A near miss case where a patient accidentally collected the incorrect medication highlights multiple cases of process failure, regulator says
A case from late 2020 where a patient almost left a pharmacy with medications belonging to another patients highlights the need for better communication and process checks, the Pharmacy Council of NSW says.
In a recently published case study, the Council says a regular customer, who was a pharmacist employed at the pharmacy, arrived to collect their repeat prescriptions ordered through an app.
“The shop assistant greeted her by name and went to collect the medications which were in a small basket. Seeing the assistant apparently struggling to find them, the customer also mentioned her surname. The assistant located a basket and placed the two OTC items that the customer had requested on top of the medications.
On enquiry, the customer was advised that signing for the prescriptions was not occurring because of COVID safety precautions. The customer took the basket to the cash register for payment. As the items were taken from the basket, she noticed a medication which she had not been prescribed, together with two that she took regularly.
The transaction was halted while the customer checked all the medications, and discovered a different patient’s name on all labels. She returned the medications to the dispensary and collected her own”.
The Pharmacy Council said the error occurred because of “multiple points of process failure”. These were:
- the shop assistant knew the customer’s first name but did not know the surname
- the customer provided her surname but the assistant seemed not to hear it clearly, which was a failure of communication (two-way)
- the customer’s first name was an uncommon one, and coincidentally, another patient with the same first name and first letter of the surname also had medications waiting to be collected
- the dispensed medications were covered up in the basket by requested OTC items
- due to COVID safety precautions, the repeat forms were not required to be signed by the customer and were not in the basket, so name and address details were not checked
The council said the pharmacy did have “enough checking steps so that the error could be detected at the final check – the cash register”.
However, they pointed out that a customer less familiar with the medications, or who was distracted, may not have picked up the error as easily as a pharmacist.
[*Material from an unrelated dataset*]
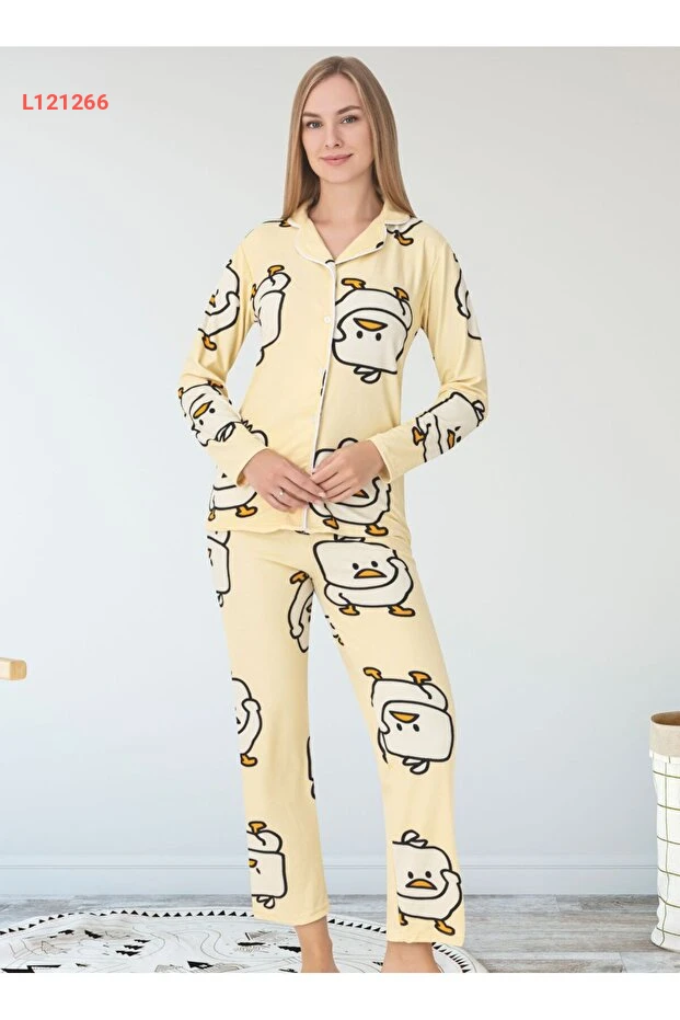بيجامة بكم طويل للأطفال من نيلسن بتصميم جميل للدجاجة الصفراء مع حزام للنوم من قماش قطني ناعم

“Given the fact that a number of the checkpoints failed, and particularly considering the precautions being observed during COVID, processes in the pharmacy should probably have been adjusted to account for the extra risk of error,” the Council said, recommending the following steps:
- additional measures to ensure accurate identification of customers when collecting their medications – verbally checking the name of the customer against the name on the label, including a printed address label in the basket if the prescription forms are removed before the customer collects
- involvement of the pharmacist in the transaction
- showing the customer the items which were in the basket, and asking a question such as “Are these all you are collecting today?” which encourages the customer to look at the items
“The customer returned to the pharmacy the following month to collect the next supply of her medications and was pleased to see that the process was much improved and the risk of error significantly reduced,” the case study concluded.